Repository files navigation

SkillScope

Local tools for agent skill coverage and long-running agent job monitoring.

SkillScope is a local, plugin-first viewer for Codex and Claude Code sessions. It maps SKILL.md instructions to trace evidence, highlights the exact spans that were followed, violated, ignored, or not taken, and stores completed analyses in a local SQLite cache.

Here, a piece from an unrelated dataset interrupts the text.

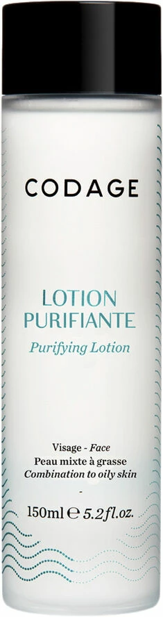 PURIFYING LOTION er et koncentrat af frugtsyrer (AHA), salicylsyre (BHA) og zink, som eliminerer døde hudceller, renser tilstoppede porer, regulerer talgproduktionen, og efterlader en ren og regenereret hud. Detoxende ingredienser fjerner forureningspartikler, og efterlader en helt ren hud med mere udstråling. PURIFYING: BHA – Salicylsyre – Zink REGENERATING: AHA frugtsyrer – Allantoin DETOXIFYING: Kransburre – Havvand Anvendelse: Bruges på en vatrondel til ansigt, hals og décolleté efter rensning og / eller efter brug af en maske. Brug den dagligt, morgen og / eller aften. Skal ikke skylles af. Anvend derefter serum(erne) og cremer.
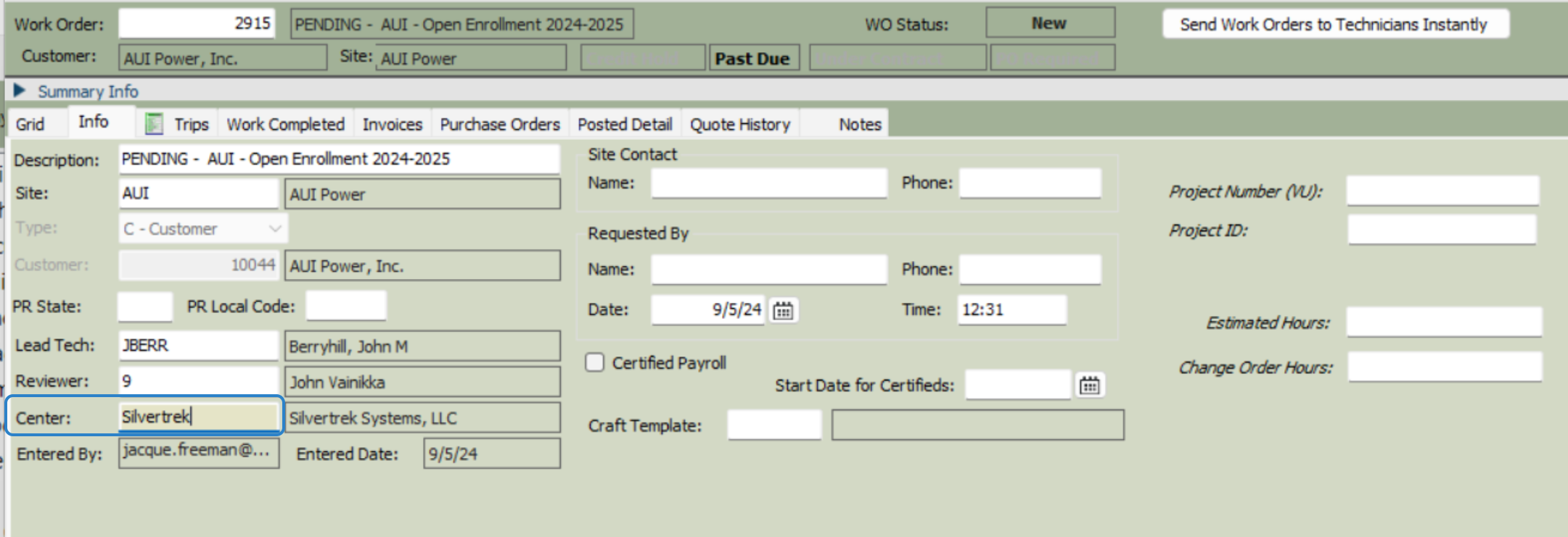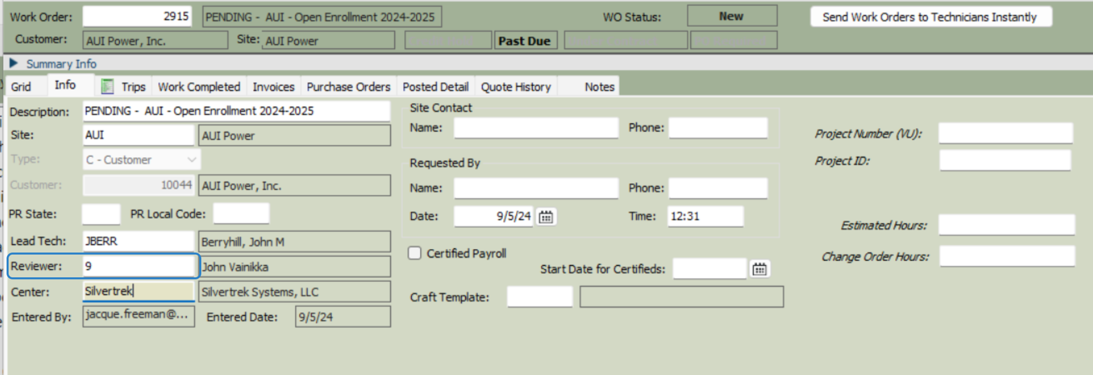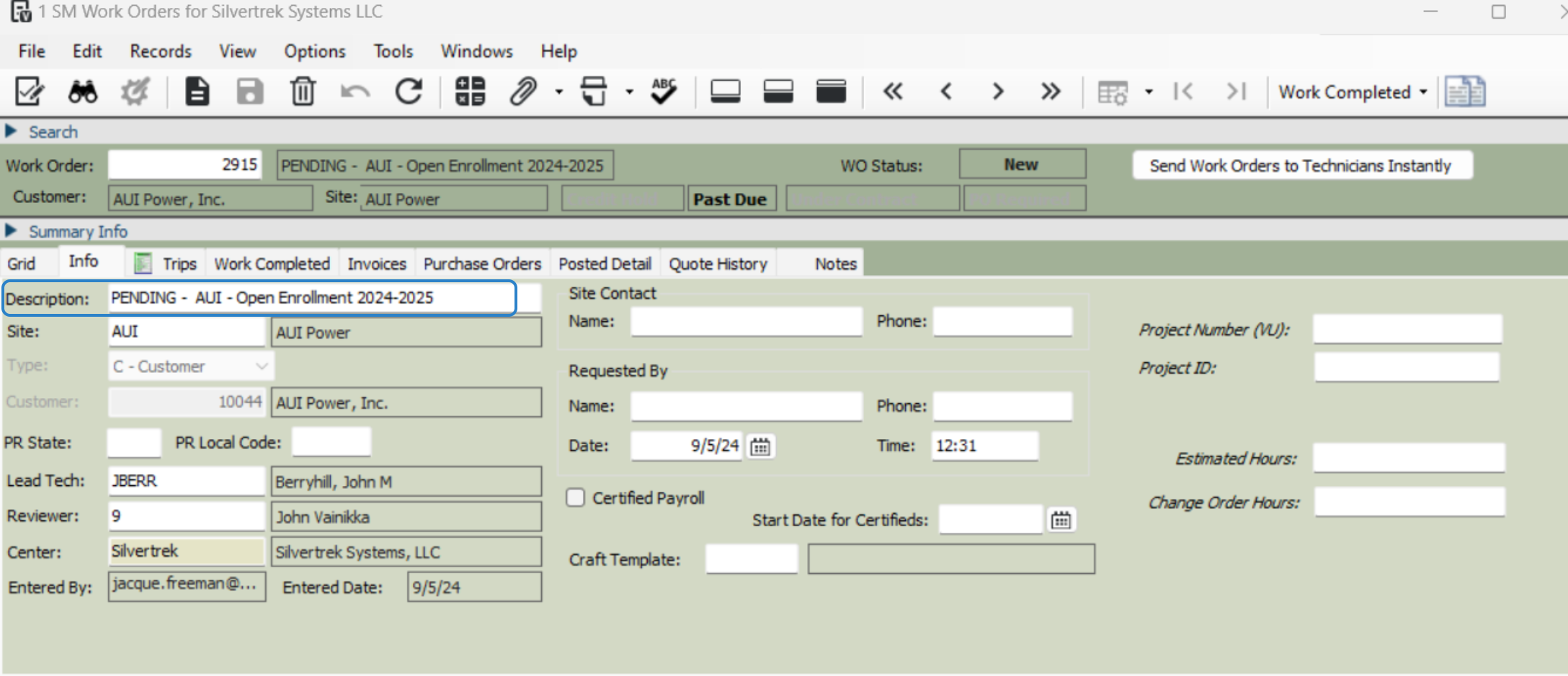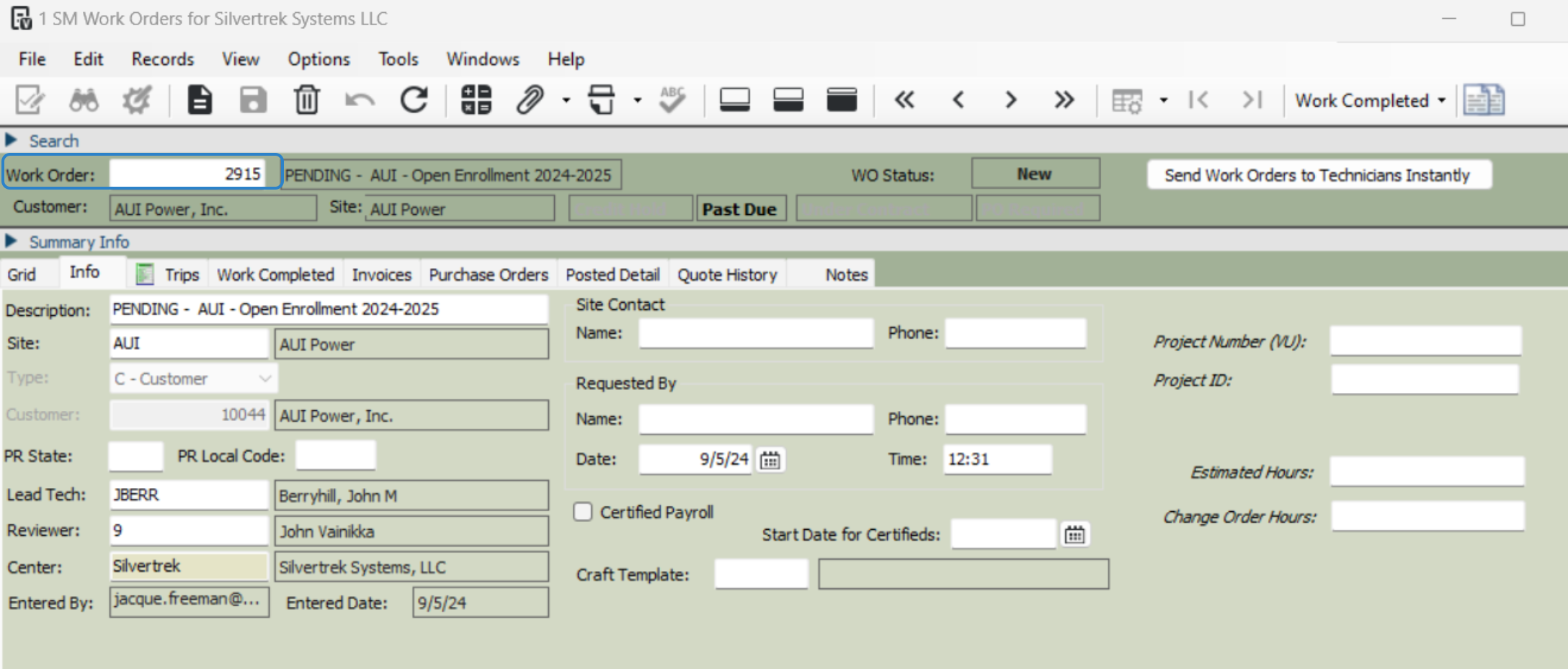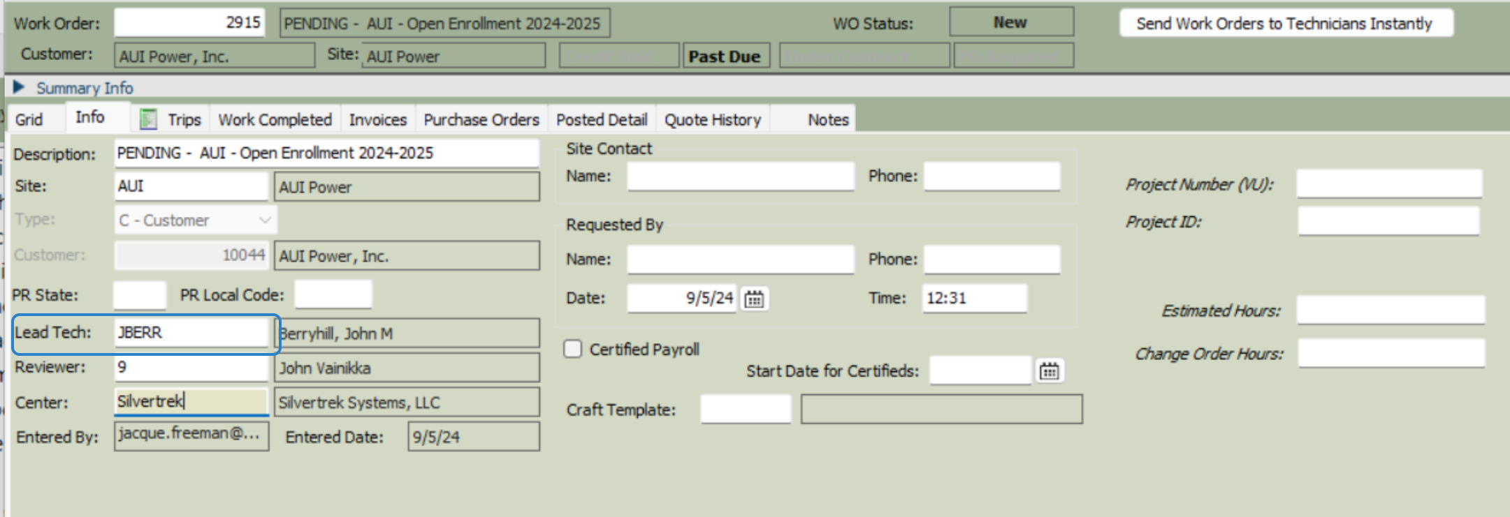SMWO5. Lead Tech: press f4 to select the technician responsible for the work order

The same local app also includes Agent Monitor: a job-oriented control room for long-running local Codex / Claude / Docker benchmark work. It shows jobs, progress, artifacts, containers, safe-stop previews, and stop results instead of a raw PID list.

中文:SkillScope 是一组本地 agent 工具。第一部分是面向 Codex / Claude Code 的 skill 覆盖分析:把 SKILL.md 里的约束和真实轨迹证据对齐,精确高亮遵循、违反、忽略、未走分支,并把分析结果缓存到本地 SQLite。第二部分是 Agent Monitor:面向本机长任务的任务控制室,展示 job、进度、产物、容器、安全停止预览和停止结果,而不是裸 PID 列表。

Two Modes / 两个模式

  • SkillScope: inspect skill usage in Codex / Claude Code traces, judge compliance, and produce evidence-backed rewrite proposals.
  • Agent Monitor: watch local long-running agent jobs, inspect artifacts and Docker containers, preview what a safe stop would touch, then stop only attributable child work.

中文:

  • SkillScope:查看 Codex / Claude Code 轨迹里的 skill 使用窗口,判断合规性,并生成有证据的 skill 修改建议。
  • Agent Monitor:监控本机长时间运行的 agent 任务,查看产物和 Docker 容器,先预览安全停止范围,再只停止可归属的子任务。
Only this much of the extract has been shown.